__What is expected__
Set down the whole listing below exactly. The pictures stay out.

__Supplied information__
# # # #

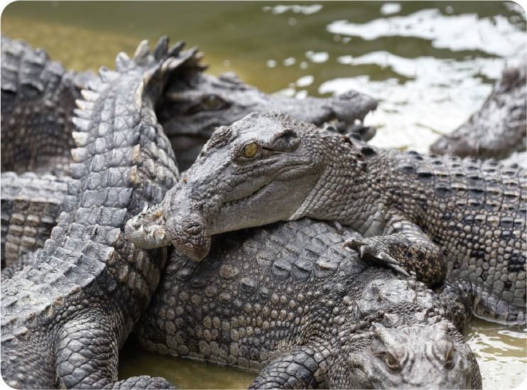 Как полагается рептилиям, они возлежали неподвижно группами, друг на друге, поодиночке. Примерно в таких же позах располагались они на берегах Меконга, Ганга, Нила и многих других водоёмов, где встреча с ними вспенила бы адреналин в крови, добавила поводов к долгим вечерним рассказам на далекой Родине. Здесь, в вольерах над рукотворными бассейнами, изобилие страшных хищников не вселяло в нас должный трепет.
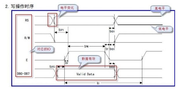 (1).時序圖最左邊一般是某一根引腳的標識,表示此行圖線體現該引腳的變化,上圖分別標明了RS、R/W、E、DB0~DB7四類引腳的時序變化。
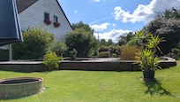 Nuestro jardín lo invita a disfrutar plenamente de sus vacaciones con sus diversas áreas de descanso, el área de fogata, el estanque de natación y el área de barbacoa.

# # # #

__Result__
 Как полагается рептилиям, они возлежали неподвижно группами, друг на друге, поодиночке. Примерно в таких же позах располагались они на берегах Меконга, Ганга, Нила и многих других водоёмов, где встреча с ними вспенила бы адреналин в крови, добавила поводов к долгим вечерним рассказам на далекой Родине. Здесь, в вольерах над рукотворными бассейнами, изобилие страшных хищников не вселяло в нас должный трепет.
 (1).時序圖最左邊一般是某一根引腳的標識,表示此行圖線體現該引腳的變化,上圖分別標明了RS、R/W、E、DB0~DB7四類引腳的時序變化。
 Nuestro jardín lo invita a disfrutar plenamente de sus vacaciones con sus diversas áreas de descanso, el área de fogata, el estanque de natación y el área de barbacoa.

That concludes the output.